I'm using the scikit-learn library for my daily MVA business. One of the functions I use is the roc_curve()
method to get my ROC curves. The function returns the false-positive and true-positive rates. In my field (HEP), we prefer working with efficiencies, i.e. I want to normalise the number of true positives to the total number of positives.
To get what I need, I want to re-use the _binary_clf_curve()
function in sklearn.metric.rankings, i.e.
def roc_curve_eff(y_true, y_score, pos_label=None, sample_weight=None) :
fps, tps, _ = _binary_clf_curve(
y_true, y_score, pos_label=pos_label, sample_weight=sample_weight)
teff = tps / (tps[-1] - tps)
feff = fps / (fps[-1] - fps)
return feff, teff, _
and to load it into the local namespace I call
from sklearn.metrics.rankings import _binary_clf_curve .
Doing so his gives me the following error:
ImportError
Traceback (most recent call last)
<ipython-input-10-d1d6b7292e7f> in <module>()

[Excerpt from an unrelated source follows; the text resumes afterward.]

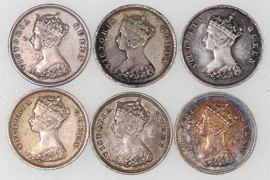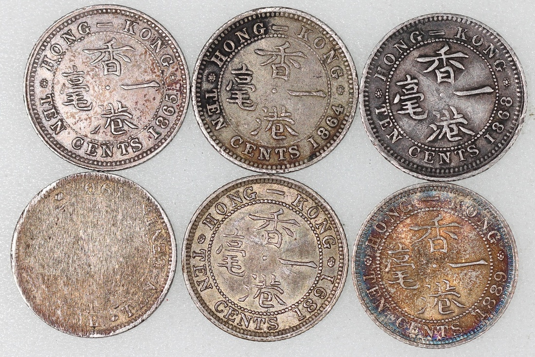 Hong Kong, a group of 6x 10 cents, 1864, 1865, 1868, 1889-H, 1891 and 1901, 1901 with reverse struck through error,
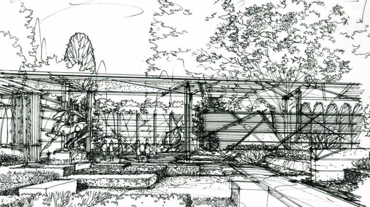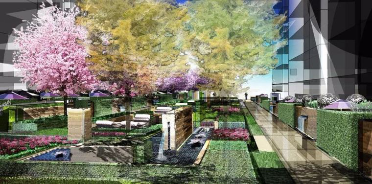售楼处建筑廊下用镜面不锈钢墙面处理,映像外部花园,利用反射的增大视觉及花园空间,此处植物采用柔和色及互补色的植物色彩设计手法。

11 from root_numpy import root2array, rec2array
12 from sklearn.metrics import roc_curve, auc
---> 13 from sklearn.metrics.rankings import _binary_clf_curve
14
15 #import sklearn as sklearn_
/Users/pigard/ROOT/install/lib/ROOT.pyc in _importhook(name, *args, **kwds)
299 except Exception:
300 pass
--> 301 return _orig_ihook( name, *args, **kwds )
302
303 __builtin__.__import__ = _importhook
ImportError: No module named rankings
I think the issue here is the distinction between module and file: the _binary_clf_curve
helper function is not added to the module (because it need not be exposed to the user) so I need to load it not from the module, but from the file?